In the year 2000, the modern E-Cigarette was invented based on Gilbert’s design. Chinese pharmacist, Hon Lik, invented an electronic cigarette that heated a nicotine-based liquid. The heated liquid created a vapor that could be inhaled. During the development of the product, Hon Lik noted that propylene glycol would create optimal results for diluting the nicotine in the apparatus, which has since become the industry standard. Hon Lik went on to invent a plastic addition that acts as both a reservoir for the liquid and a mouthpiece.

Market Availability and Popularity

Hon Lik’s invention started to hit the shelves in late 2003 and early 2004, depending on the location. Unlike Gilbert’s goal, Hon Lik aimed to create a product that would eradicate the dangers associated with traditional cigarettes while acting as a method of smoking cessation. E-Cigarettes started to gain traction in the latter part of the decade and ignited controversial conversations and exponential growth.

As with any popular invention, aspiring inventors and entrepreneurs were quick to develop accessory products that would enhance the user experience while earning them a substantial income. Businesses like Vapour.com launched as E-Cigarettes became a buzzword, and now offer a variety of vaping kits, mods, coils, and E Liquids to create a better vaping experience.

Social Impacts

As E-Cigarettes were originally identified as a smoking cessation tool, the governments of the world were quick to start investigating the efficacy, health implications, potential pitfalls and legislature surrounding their use.

In 2009 and 2010, numerous countries banned the use of Electronic Cigarettes until more information could be compiled regarding the health implications. Retailers like Amazon followed suit, restricting the sale of electronic cigarettes. As regulatory bodies rushed to get the information it deemed necessary to allow the continued sale of E-Cigarettes, avid users who had experienced success in quitting smoking protested and hosted pro-vaping festivals and events.

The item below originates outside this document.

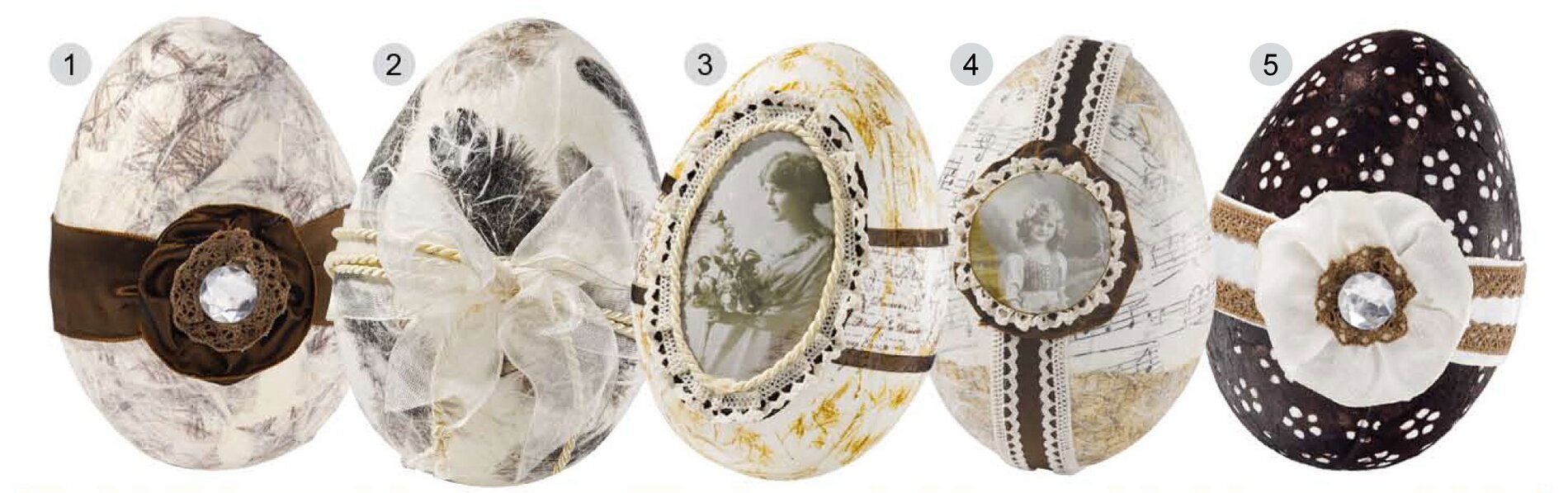 Cut the Natural paper into small pieces and glue it on with Napkins lack. After drying, glue the Acetate ribbon and the tip around the egg. Cut a circle Ø 4 cm out of cardboard, fix the Acetate ribbon in frills with hot glue. Glue on a gemstone and lace, stick the finished rosette in the middle of the border.
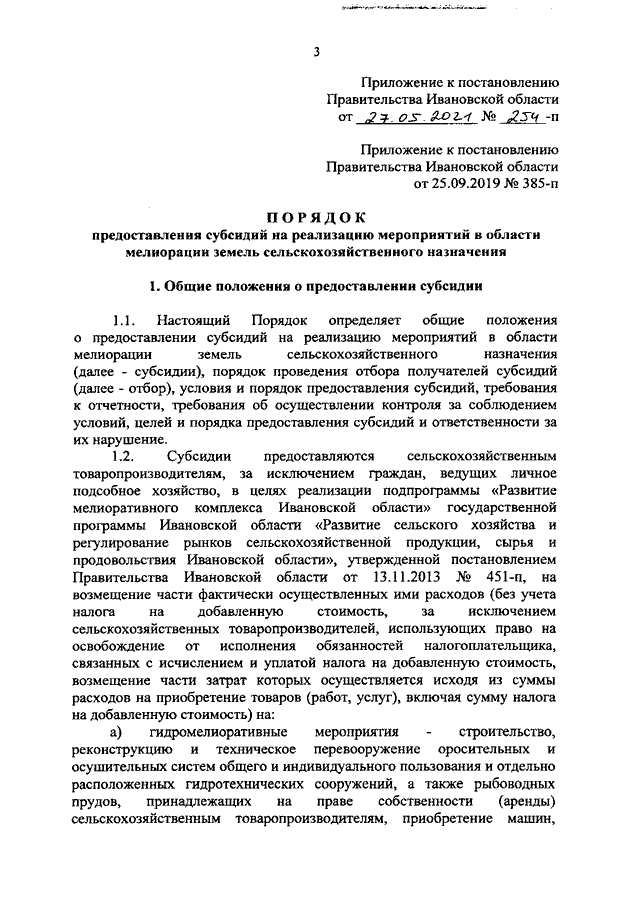 Постановление Правительства Ивановской области от 27.05.2021 N 254-п "О внесении изменений в постановление Правительства Ивановской области от 25.09.2019 N 385-п "Об утверждении Порядка предоставления субсидий на реализацию мероприятий в области мелиорации земель сельскохозяйственного назначения"

Throughout 2011 onward to 2013, new studies were released about the positive health implications of using E-Cigarettes as a method of smoking cessation, focusing on comparing the negligible health impacts versus traditional smoking. Furthermore, the psychology of using E-Cigarettes was evaluated and deemed to be an effective behavioral alternative to smoking. In layman’s terms, the physical act of inhaling vapor replicated cigarette smoke enough to curb cravings.

Bans were lifted and the arduous process of creating regulations surrounding usage location and age was started.

Moving Forward

The Electronic Cigarette business totaled $11.4 billion dollars in 2016 and is expected to continue on an upward trend. It is reported that 30% of smokers in Japan have already made the switch to vaping from traditional smoking. As time goes on, regulatory practices and health studies will become more exact and informative. It is predicted that this shift from smoking traditional cigarettes to E-Cigarettes will drive down smoking-related cancers.